(Beginning of Data records)

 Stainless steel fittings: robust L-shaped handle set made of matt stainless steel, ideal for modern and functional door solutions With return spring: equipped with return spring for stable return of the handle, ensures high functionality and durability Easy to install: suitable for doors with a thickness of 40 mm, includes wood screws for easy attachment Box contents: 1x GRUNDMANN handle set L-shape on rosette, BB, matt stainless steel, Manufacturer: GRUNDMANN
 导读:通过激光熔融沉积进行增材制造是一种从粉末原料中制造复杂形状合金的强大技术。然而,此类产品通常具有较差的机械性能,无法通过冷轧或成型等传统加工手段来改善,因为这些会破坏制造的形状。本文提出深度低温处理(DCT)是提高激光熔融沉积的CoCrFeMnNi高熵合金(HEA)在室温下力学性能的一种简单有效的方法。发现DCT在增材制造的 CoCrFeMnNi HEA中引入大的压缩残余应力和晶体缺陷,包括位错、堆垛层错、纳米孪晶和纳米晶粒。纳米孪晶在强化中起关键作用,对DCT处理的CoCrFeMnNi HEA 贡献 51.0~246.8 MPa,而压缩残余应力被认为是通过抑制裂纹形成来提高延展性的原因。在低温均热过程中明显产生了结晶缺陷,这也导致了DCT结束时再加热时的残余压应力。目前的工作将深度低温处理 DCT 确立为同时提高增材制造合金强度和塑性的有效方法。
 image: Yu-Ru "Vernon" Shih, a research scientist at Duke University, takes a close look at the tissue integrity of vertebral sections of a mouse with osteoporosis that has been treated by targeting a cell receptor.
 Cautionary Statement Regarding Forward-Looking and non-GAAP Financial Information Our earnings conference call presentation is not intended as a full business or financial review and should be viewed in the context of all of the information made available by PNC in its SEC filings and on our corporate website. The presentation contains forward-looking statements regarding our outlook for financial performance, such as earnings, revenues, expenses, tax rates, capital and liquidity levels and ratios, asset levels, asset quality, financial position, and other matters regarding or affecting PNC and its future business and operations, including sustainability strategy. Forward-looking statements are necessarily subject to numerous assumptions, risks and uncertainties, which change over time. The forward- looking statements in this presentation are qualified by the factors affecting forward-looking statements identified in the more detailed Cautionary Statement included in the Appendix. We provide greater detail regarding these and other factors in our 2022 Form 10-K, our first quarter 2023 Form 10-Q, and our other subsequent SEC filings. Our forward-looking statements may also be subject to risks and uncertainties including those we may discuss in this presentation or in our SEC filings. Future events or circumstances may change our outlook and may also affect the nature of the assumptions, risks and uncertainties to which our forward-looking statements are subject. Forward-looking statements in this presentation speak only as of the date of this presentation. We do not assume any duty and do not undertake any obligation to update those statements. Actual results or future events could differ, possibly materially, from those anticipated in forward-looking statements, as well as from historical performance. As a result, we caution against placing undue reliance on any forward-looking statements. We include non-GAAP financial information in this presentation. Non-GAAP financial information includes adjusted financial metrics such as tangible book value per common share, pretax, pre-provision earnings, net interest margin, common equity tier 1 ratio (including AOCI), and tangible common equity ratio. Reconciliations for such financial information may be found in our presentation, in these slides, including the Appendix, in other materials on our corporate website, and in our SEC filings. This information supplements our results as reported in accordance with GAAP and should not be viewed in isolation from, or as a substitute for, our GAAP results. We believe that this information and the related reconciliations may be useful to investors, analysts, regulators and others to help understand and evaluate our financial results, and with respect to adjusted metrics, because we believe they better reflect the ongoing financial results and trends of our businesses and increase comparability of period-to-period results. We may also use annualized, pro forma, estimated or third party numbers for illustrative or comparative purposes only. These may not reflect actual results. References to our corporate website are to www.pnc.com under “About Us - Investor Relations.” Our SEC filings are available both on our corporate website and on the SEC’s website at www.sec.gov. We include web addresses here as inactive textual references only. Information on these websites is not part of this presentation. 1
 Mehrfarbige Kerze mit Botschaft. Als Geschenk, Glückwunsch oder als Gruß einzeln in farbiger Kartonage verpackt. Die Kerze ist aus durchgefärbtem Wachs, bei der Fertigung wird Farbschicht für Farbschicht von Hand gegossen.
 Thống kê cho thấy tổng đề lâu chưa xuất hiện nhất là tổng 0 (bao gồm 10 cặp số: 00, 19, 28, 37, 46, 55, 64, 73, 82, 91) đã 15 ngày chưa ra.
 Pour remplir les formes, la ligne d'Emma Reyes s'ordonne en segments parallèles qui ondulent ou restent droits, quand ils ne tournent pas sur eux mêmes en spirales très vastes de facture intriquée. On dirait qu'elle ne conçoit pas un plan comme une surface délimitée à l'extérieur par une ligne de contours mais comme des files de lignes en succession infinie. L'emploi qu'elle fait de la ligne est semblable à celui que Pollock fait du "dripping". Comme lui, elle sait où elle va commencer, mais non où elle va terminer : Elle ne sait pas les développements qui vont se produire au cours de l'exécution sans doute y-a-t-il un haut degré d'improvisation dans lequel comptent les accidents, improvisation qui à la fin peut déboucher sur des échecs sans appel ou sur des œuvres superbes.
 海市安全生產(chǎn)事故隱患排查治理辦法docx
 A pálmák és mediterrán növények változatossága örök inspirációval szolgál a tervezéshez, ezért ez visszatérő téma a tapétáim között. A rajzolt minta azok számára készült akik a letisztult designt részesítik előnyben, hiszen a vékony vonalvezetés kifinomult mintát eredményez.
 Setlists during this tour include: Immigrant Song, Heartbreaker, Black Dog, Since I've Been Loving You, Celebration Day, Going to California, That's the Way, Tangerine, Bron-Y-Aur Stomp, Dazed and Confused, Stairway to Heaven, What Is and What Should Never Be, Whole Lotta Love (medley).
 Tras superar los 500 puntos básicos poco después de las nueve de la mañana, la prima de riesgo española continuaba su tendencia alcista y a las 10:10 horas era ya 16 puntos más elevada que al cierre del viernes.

(End of Data records)

§ **Problem requirements**:
The records above must be retyped in full. Keep each one exactly as it is.

§ **Solution for this problem**:
 Stainless steel fittings: robust L-shaped handle set made of matt stainless steel, ideal for modern and functional door solutions With return spring: equipped with return spring for stable return of the handle, ensures high functionality and durability Easy to install: suitable for doors with a thickness of 40 mm, includes wood screws for easy attachment Box contents: 1x GRUNDMANN handle set L-shape on rosette, BB, matt stainless steel, Manufacturer: GRUNDMANN
 导读:通过激光熔融沉积进行增材制造是一种从粉末原料中制造复杂形状合金的强大技术。然而,此类产品通常具有较差的机械性能,无法通过冷轧或成型等传统加工手段来改善,因为这些会破坏制造的形状。本文提出深度低温处理(DCT)是提高激光熔融沉积的CoCrFeMnNi高熵合金(HEA)在室温下力学性能的一种简单有效的方法。发现DCT在增材制造的 CoCrFeMnNi HEA中引入大的压缩残余应力和晶体缺陷,包括位错、堆垛层错、纳米孪晶和纳米晶粒。纳米孪晶在强化中起关键作用,对DCT处理的CoCrFeMnNi HEA 贡献 51.0~246.8 MPa,而压缩残余应力被认为是通过抑制裂纹形成来提高延展性的原因。在低温均热过程中明显产生了结晶缺陷,这也导致了DCT结束时再加热时的残余压应力。目前的工作将深度低温处理 DCT 确立为同时提高增材制造合金强度和塑性的有效方法。
 image: Yu-Ru "Vernon" Shih, a research scientist at Duke University, takes a close look at the tissue integrity of vertebral sections of a mouse with osteoporosis that has been treated by targeting a cell receptor.
 Cautionary Statement Regarding Forward-Looking and non-GAAP Financial Information Our earnings conference call presentation is not intended as a full business or financial review and should be viewed in the context of all of the information made available by PNC in its SEC filings and on our corporate website. The presentation contains forward-looking statements regarding our outlook for financial performance, such as earnings, revenues, expenses, tax rates, capital and liquidity levels and ratios, asset levels, asset quality, financial position, and other matters regarding or affecting PNC and its future business and operations, including sustainability strategy. Forward-looking statements are necessarily subject to numerous assumptions, risks and uncertainties, which change over time. The forward- looking statements in this presentation are qualified by the factors affecting forward-looking statements identified in the more detailed Cautionary Statement included in the Appendix. We provide greater detail regarding these and other factors in our 2022 Form 10-K, our first quarter 2023 Form 10-Q, and our other subsequent SEC filings. Our forward-looking statements may also be subject to risks and uncertainties including those we may discuss in this presentation or in our SEC filings. Future events or circumstances may change our outlook and may also affect the nature of the assumptions, risks and uncertainties to which our forward-looking statements are subject. Forward-looking statements in this presentation speak only as of the date of this presentation. We do not assume any duty and do not undertake any obligation to update those statements. Actual results or future events could differ, possibly materially, from those anticipated in forward-looking statements, as well as from historical performance. As a result, we caution against placing undue reliance on any forward-looking statements. We include non-GAAP financial information in this presentation. Non-GAAP financial information includes adjusted financial metrics such as tangible book value per common share, pretax, pre-provision earnings, net interest margin, common equity tier 1 ratio (including AOCI), and tangible common equity ratio. Reconciliations for such financial information may be found in our presentation, in these slides, including the Appendix, in other materials on our corporate website, and in our SEC filings. This information supplements our results as reported in accordance with GAAP and should not be viewed in isolation from, or as a substitute for, our GAAP results. We believe that this information and the related reconciliations may be useful to investors, analysts, regulators and others to help understand and evaluate our financial results, and with respect to adjusted metrics, because we believe they better reflect the ongoing financial results and trends of our businesses and increase comparability of period-to-period results. We may also use annualized, pro forma, estimated or third party numbers for illustrative or comparative purposes only. These may not reflect actual results. References to our corporate website are to www.pnc.com under “About Us - Investor Relations.” Our SEC filings are available both on our corporate website and on the SEC’s website at www.sec.gov. We include web addresses here as inactive textual references only. Information on these websites is not part of this presentation. 1
 Mehrfarbige Kerze mit Botschaft. Als Geschenk, Glückwunsch oder als Gruß einzeln in farbiger Kartonage verpackt. Die Kerze ist aus durchgefärbtem Wachs, bei der Fertigung wird Farbschicht für Farbschicht von Hand gegossen.
 Thống kê cho thấy tổng đề lâu chưa xuất hiện nhất là tổng 0 (bao gồm 10 cặp số: 00, 19, 28, 37, 46, 55, 64, 73, 82, 91) đã 15 ngày chưa ra.
 Pour remplir les formes, la ligne d'Emma Reyes s'ordonne en segments parallèles qui ondulent ou restent droits, quand ils ne tournent pas sur eux mêmes en spirales très vastes de facture intriquée. On dirait qu'elle ne conçoit pas un plan comme une surface délimitée à l'extérieur par une ligne de contours mais comme des files de lignes en succession infinie. L'emploi qu'elle fait de la ligne est semblable à celui que Pollock fait du "dripping". Comme lui, elle sait où elle va commencer, mais non où elle va terminer : Elle ne sait pas les développements qui vont se produire au cours de l'exécution sans doute y-a-t-il un haut degré d'improvisation dans lequel comptent les accidents, improvisation qui à la fin peut déboucher sur des échecs sans appel ou sur des œuvres superbes.
 海市安全生產(chǎn)事故隱患排查治理辦法docx
 A pálmák és mediterrán növények változatossága örök inspirációval szolgál a tervezéshez, ezért ez visszatérő téma a tapétáim között. A rajzolt minta azok számára készült akik a letisztult designt részesítik előnyben, hiszen a vékony vonalvezetés kifinomult mintát eredményez.
 Setlists during this tour include: Immigrant Song, Heartbreaker, Black Dog, Since I've Been Loving You, Celebration Day, Going to California, That's the Way, Tangerine, Bron-Y-Aur Stomp, Dazed and Confused, Stairway to Heaven, What Is and What Should Never Be, Whole Lotta Love (medley).
 Tras superar los 500 puntos básicos poco después de las nueve de la mañana, la prima de riesgo española continuaba su tendencia alcista y a las 10:10 horas era ya 16 puntos más elevada que al cierre del viernes.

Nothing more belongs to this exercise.